Well, first let me make one distinction: you most certainly can ask. You can always
ask. In any case, that's precisely why I was asking. I wanted to clarify and make sure there were no prevailing theories about what might exist beyond our universe. I'm not implying that anything does; in fact, I'm personally inclined to believe the opposite. As you said, terms become undefined.
Quote:There probably can't be an "absolute" void in our Universe because at any given moment a photon may be passing through the area, and there is always some curvature even if it is minute.
Good news for my hypotheses.
Quote:I have no idea. Nor does anyone else, despite claims to the contrary.
I was only looking for ideas, I'm not disappointed to hear that it's currently unknown.
Quote:It is localized and entirely self-sufficient, but is not contained within itself.
When I say contained within itself, I mean to say that all of its mass and energy have been conserved since "time" began, and that its influence is contained within the local space it created.
If that's not the case, then I'm curious to hear what is.
Quote:There is no "out there". The very idea is simply a consequence of our brains trying to apply localized perceptions and dimensionality to a system it is not equipped to deal with.
Maybe.

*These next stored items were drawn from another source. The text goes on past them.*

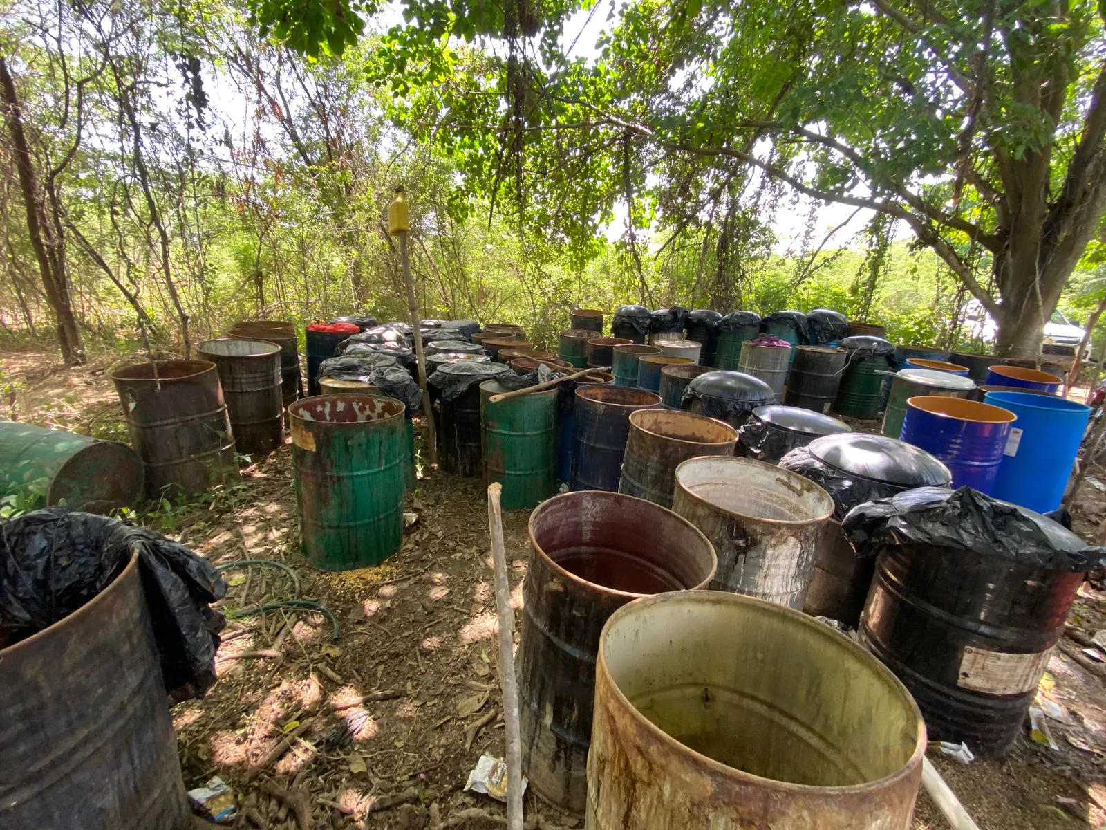 Durante la requisa, las autoridades incautaron más de 80 tanques de metal que contenían el líquido.
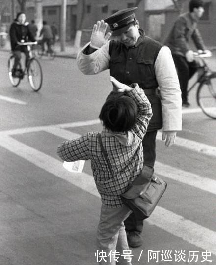 |八十年代中国历史的老照片:1981年,一名尽职的交警在北京西四路口护送一名小学生过马路。戴着红领巾的小学生向交警敬礼并向他们致谢。
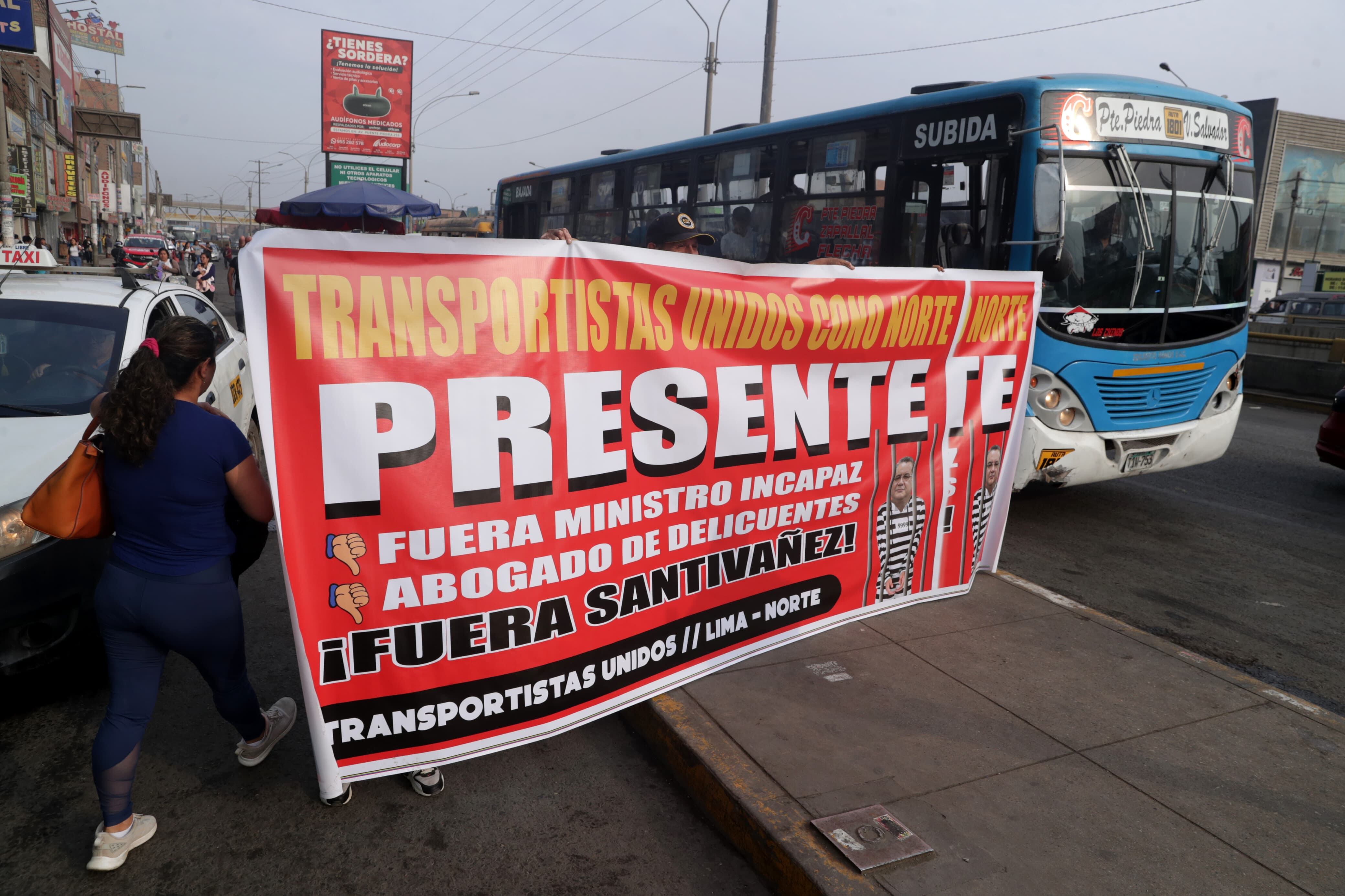 En la Panamericana Norte, grupos de manifestantes intentaron llegar al centro de Lima para exigir mano dura contra los delincuentes que extorsionan a los transportistas.
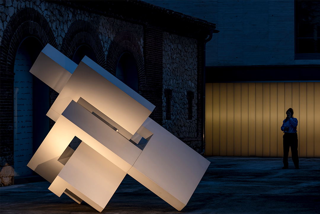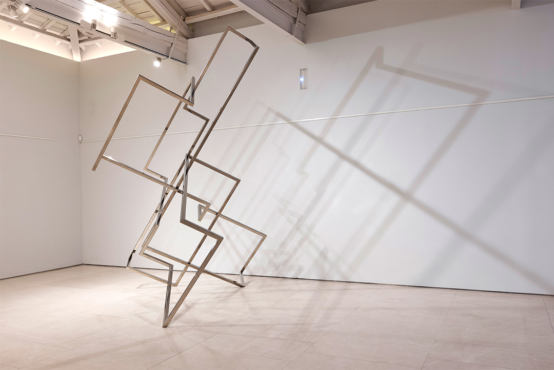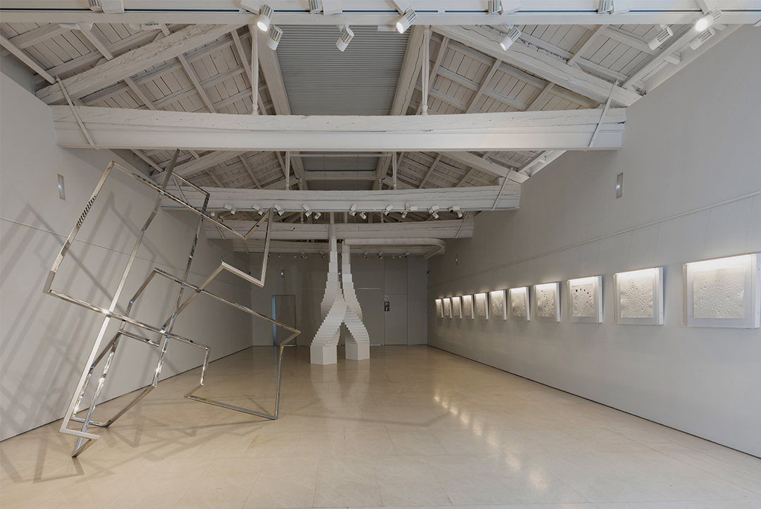 Remata la exposición una pieza de más de tres metros de altura titulada «VACÍO V», que por efecto de la incidencia de la luz se proyecta en suelo y paredes, invitando a la reflexión y la contemplación.
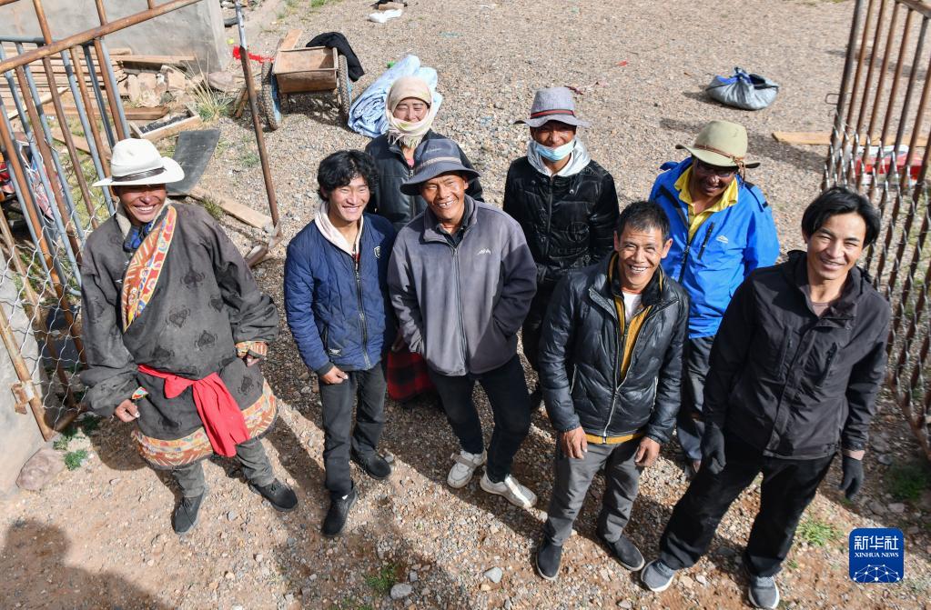 雙湖縣多瑪鄉(xiāng)果根擦曲村的牧民在一起搬家時合影留念(7月13日攝)。新華社記者 晉美多吉 攝
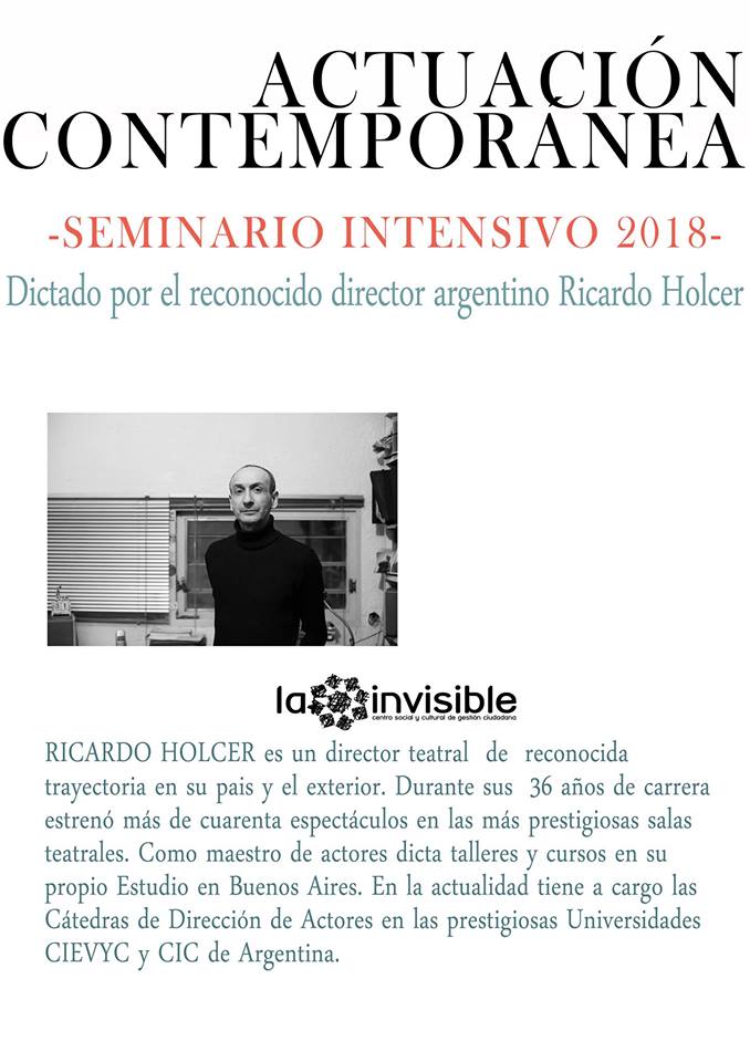 Imparte: Ricardo Holcer. Director teatral. Cátedras de Dirección de Actores en CIEVYC y CIC.
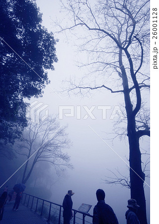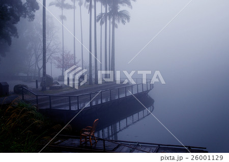 桃園縣 後慈湖 濃霧中的一排椰子樹
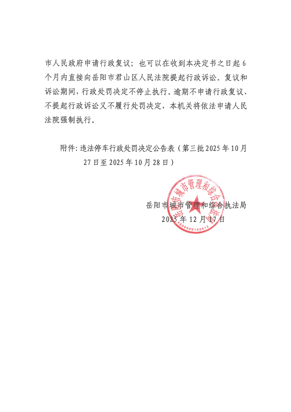 岳阳市城市管理和综合执法局违法停车行政处罚决定公告(岳城管违停罚告字[2025]第3号)
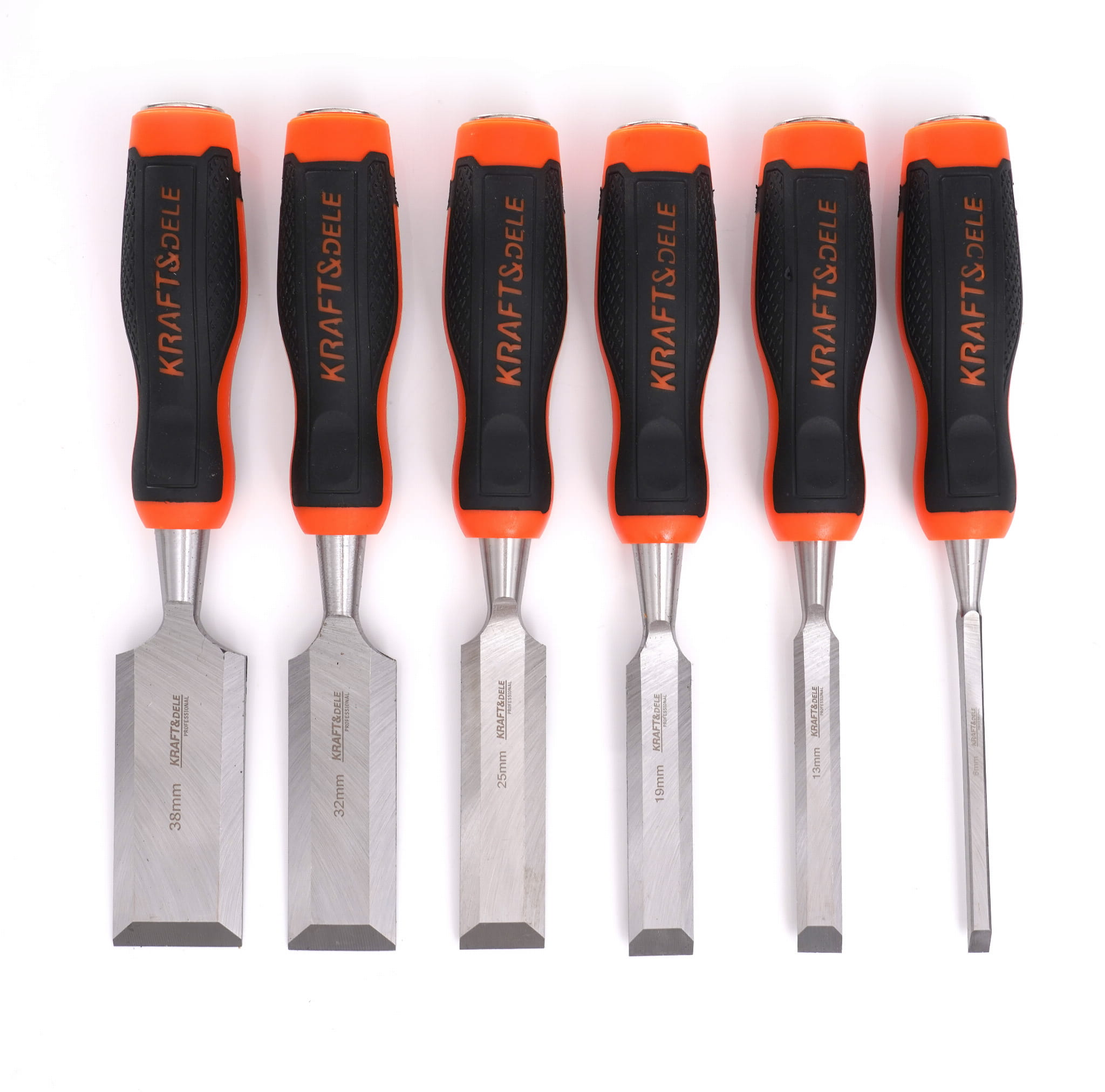 Komplet zawiera dłuta o szerokościach 6, 13, 19, 25, 32 i 38 mm. Taki dobór pozwala dopasować narzędzie do rowków wpustowych, czopów, gniazd zawiasów i innych elementów konstrukcji drewnianych.

Maybe not. Either way, I agree with you.
And I'm hesitant to say this, but my current understanding of "out there" is somewhat like a video game engine. With additive geometry, you add something to a negative space. To function properly, it generally must be a closed system (or anomalies occur). Bringing this concept into a real-life context, I view the universe as a relative "positive" volume in "negative" space with the distinction that the "negative" space isn't actually there.
When the "positive" volume (the universe) was "added" into the negative space, it created its own field of influence and essentially defined its own boundaries, beyond which lie only a curvature the wraps around itself. The "negative" space is as you succinctly stated, a consequence of localized concepts of dimentionality.
And honestly... to take it a step further, my hypotheses include the premise that the universe is "contained" within an electromagnetic field -- the aforementioned curvature. This field was created at the beginning of "time" at the "origin", when high-energy photon interaction produced a surplus of quark-antiquark and lepton-antilepton pairs. These pairs, all massive, are the constituents of matter and were created from light (the photon) itself as the universe expanded in all directions at -- you guessed it -- its own speed.
This means that all matter and energy are "contained" -- beyond the point which photon waves permeate, "negative" space begins. To survive, the universe will have had to produce an electromagnetic field to a) provide a "barrier" from "negative" space, and b) act as an oscillating field for charged particles to maneuver in or, I imagine, it would have "died" -- collapsed or simply "fizzle" out.
With the presence of photons (and gluons) and massive particles clocking in at less than one trillionth of a second after the "Big Bang", the conditions for this field to exist are mostly satisfied.